* _TASK DESCRIPTION_:
The range runs from the line containing "资料图片:据朝鲜党报《劳动新" through the last line of the material below; retype it exactly, leaving out the pictures.

* _GIVEN DATA_:
= Beginning of Section =

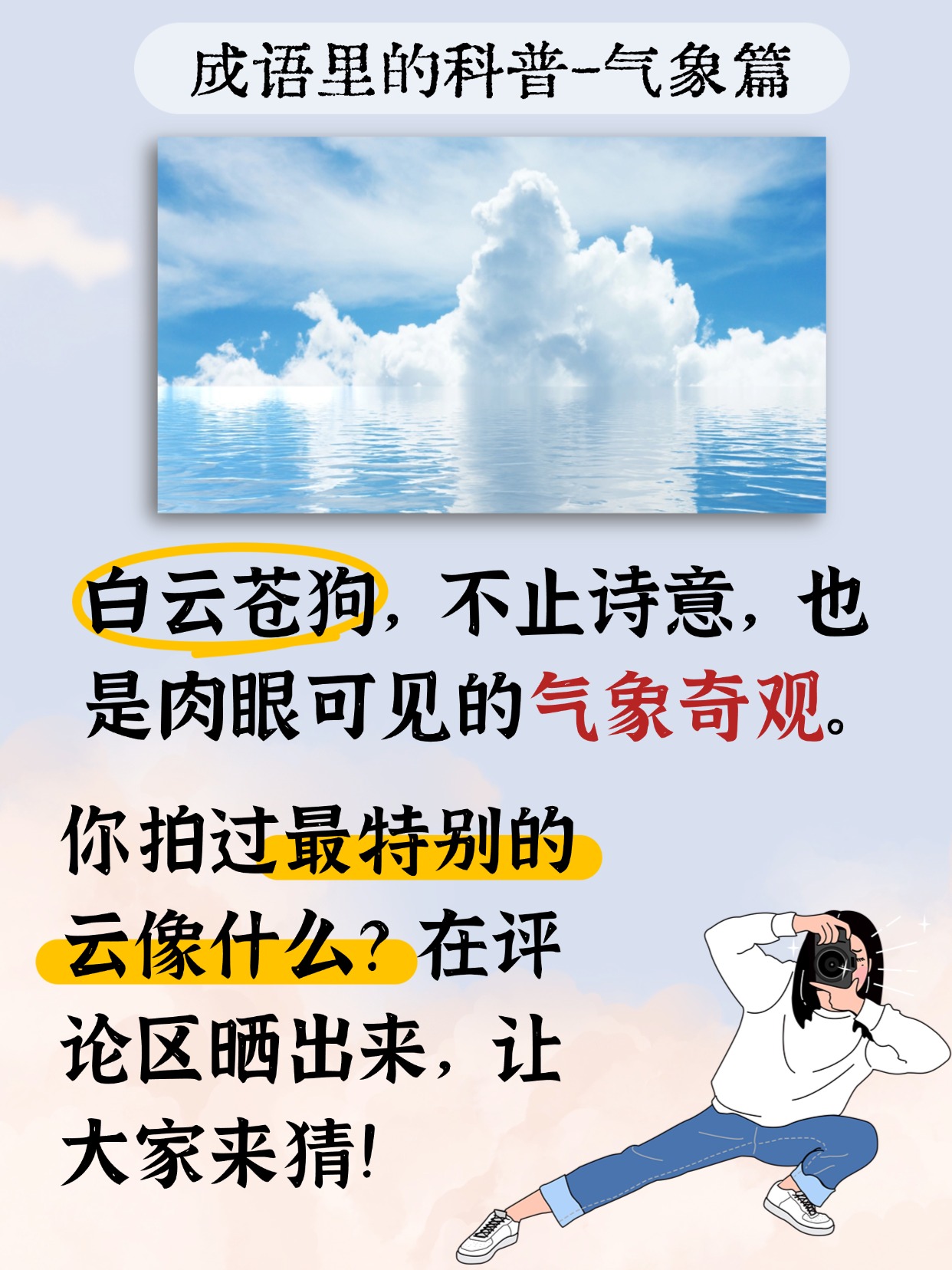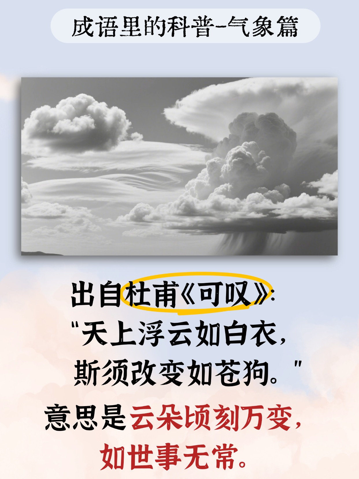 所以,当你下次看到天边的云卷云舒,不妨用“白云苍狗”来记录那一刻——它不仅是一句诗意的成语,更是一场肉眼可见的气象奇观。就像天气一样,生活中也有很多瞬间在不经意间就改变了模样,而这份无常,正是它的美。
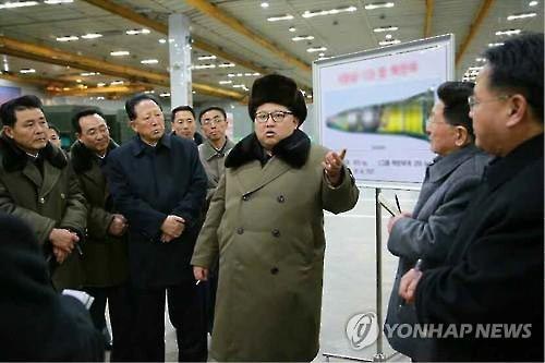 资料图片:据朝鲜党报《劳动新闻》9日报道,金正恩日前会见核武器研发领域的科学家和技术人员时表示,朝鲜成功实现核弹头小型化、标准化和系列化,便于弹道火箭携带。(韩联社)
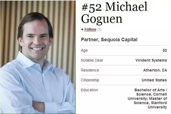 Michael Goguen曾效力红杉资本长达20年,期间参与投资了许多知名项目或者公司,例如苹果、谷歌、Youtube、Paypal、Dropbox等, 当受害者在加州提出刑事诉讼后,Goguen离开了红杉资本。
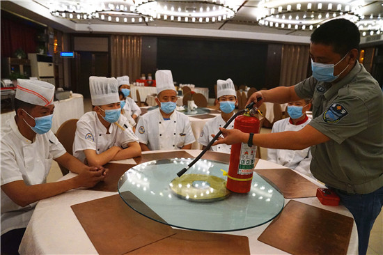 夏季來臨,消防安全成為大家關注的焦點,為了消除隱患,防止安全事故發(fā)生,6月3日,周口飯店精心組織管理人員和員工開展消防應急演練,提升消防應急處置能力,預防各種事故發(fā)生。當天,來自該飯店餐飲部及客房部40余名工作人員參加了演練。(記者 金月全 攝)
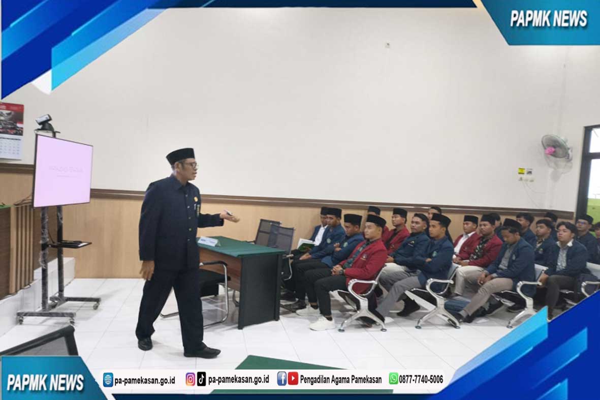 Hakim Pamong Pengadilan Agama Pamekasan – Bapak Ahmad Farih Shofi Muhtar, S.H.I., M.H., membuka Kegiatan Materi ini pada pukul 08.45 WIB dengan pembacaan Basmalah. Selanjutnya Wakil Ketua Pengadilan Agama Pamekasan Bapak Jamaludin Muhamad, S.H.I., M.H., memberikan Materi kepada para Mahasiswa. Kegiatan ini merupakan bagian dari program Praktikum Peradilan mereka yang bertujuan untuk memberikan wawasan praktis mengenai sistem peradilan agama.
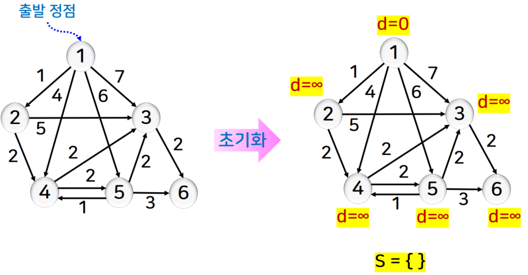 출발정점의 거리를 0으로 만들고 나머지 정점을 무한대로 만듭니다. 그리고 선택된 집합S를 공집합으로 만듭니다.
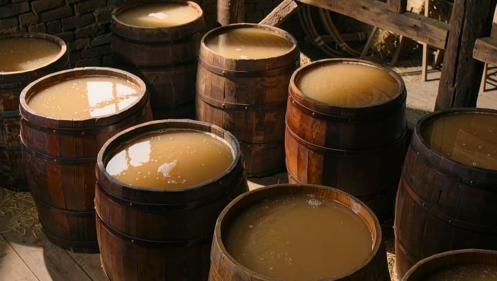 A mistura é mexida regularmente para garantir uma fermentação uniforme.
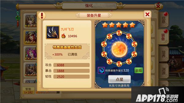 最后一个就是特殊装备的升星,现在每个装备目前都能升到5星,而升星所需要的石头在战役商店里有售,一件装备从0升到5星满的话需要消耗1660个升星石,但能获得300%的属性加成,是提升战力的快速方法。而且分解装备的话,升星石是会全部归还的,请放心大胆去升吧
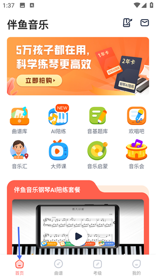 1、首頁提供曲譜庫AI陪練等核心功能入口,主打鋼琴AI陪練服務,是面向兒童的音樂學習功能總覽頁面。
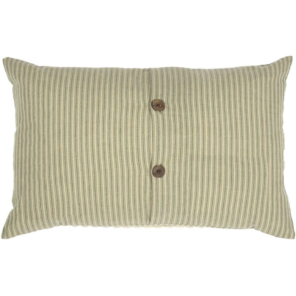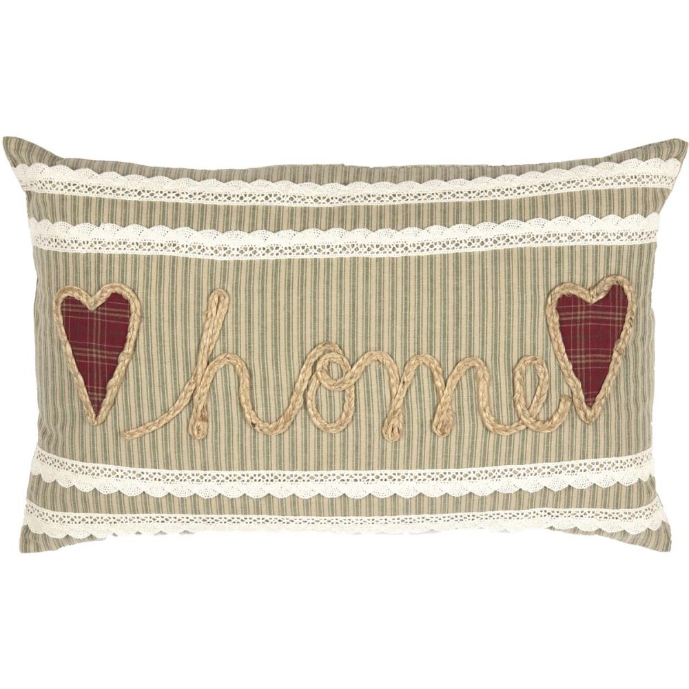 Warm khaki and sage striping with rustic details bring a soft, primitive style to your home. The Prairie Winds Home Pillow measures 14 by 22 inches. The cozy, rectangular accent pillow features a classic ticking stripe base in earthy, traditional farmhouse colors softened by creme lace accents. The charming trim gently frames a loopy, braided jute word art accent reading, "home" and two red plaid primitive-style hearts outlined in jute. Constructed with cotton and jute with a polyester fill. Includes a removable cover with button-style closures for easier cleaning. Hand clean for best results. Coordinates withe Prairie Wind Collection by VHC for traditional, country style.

= End of Section =

* _SOLUTION TO THIS TASK_:
 资料图片:据朝鲜党报《劳动新闻》9日报道,金正恩日前会见核武器研发领域的科学家和技术人员时表示,朝鲜成功实现核弹头小型化、标准化和系列化,便于弹道火箭携带。(韩联社)
 Michael Goguen曾效力红杉资本长达20年,期间参与投资了许多知名项目或者公司,例如苹果、谷歌、Youtube、Paypal、Dropbox等, 当受害者在加州提出刑事诉讼后,Goguen离开了红杉资本。
 夏季來臨,消防安全成為大家關注的焦點,為了消除隱患,防止安全事故發(fā)生,6月3日,周口飯店精心組織管理人員和員工開展消防應急演練,提升消防應急處置能力,預防各種事故發(fā)生。當天,來自該飯店餐飲部及客房部40余名工作人員參加了演練。(記者 金月全 攝)
 Hakim Pamong Pengadilan Agama Pamekasan – Bapak Ahmad Farih Shofi Muhtar, S.H.I., M.H., membuka Kegiatan Materi ini pada pukul 08.45 WIB dengan pembacaan Basmalah. Selanjutnya Wakil Ketua Pengadilan Agama Pamekasan Bapak Jamaludin Muhamad, S.H.I., M.H., memberikan Materi kepada para Mahasiswa. Kegiatan ini merupakan bagian dari program Praktikum Peradilan mereka yang bertujuan untuk memberikan wawasan praktis mengenai sistem peradilan agama.
 출발정점의 거리를 0으로 만들고 나머지 정점을 무한대로 만듭니다. 그리고 선택된 집합S를 공집합으로 만듭니다.
 A mistura é mexida regularmente para garantir uma fermentação uniforme.
 最后一个就是特殊装备的升星,现在每个装备目前都能升到5星,而升星所需要的石头在战役商店里有售,一件装备从0升到5星满的话需要消耗1660个升星石,但能获得300%的属性加成,是提升战力的快速方法。而且分解装备的话,升星石是会全部归还的,请放心大胆去升吧
 1、首頁提供曲譜庫AI陪練等核心功能入口,主打鋼琴AI陪練服務,是面向兒童的音樂學習功能總覽頁面。
 Warm khaki and sage striping with rustic details bring a soft, primitive style to your home. The Prairie Winds Home Pillow measures 14 by 22 inches. The cozy, rectangular accent pillow features a classic ticking stripe base in earthy, traditional farmhouse colors softened by creme lace accents. The charming trim gently frames a loopy, braided jute word art accent reading, "home" and two red plaid primitive-style hearts outlined in jute. Constructed with cotton and jute with a polyester fill. Includes a removable cover with button-style closures for easier cleaning. Hand clean for best results. Coordinates withe Prairie Wind Collection by VHC for traditional, country style.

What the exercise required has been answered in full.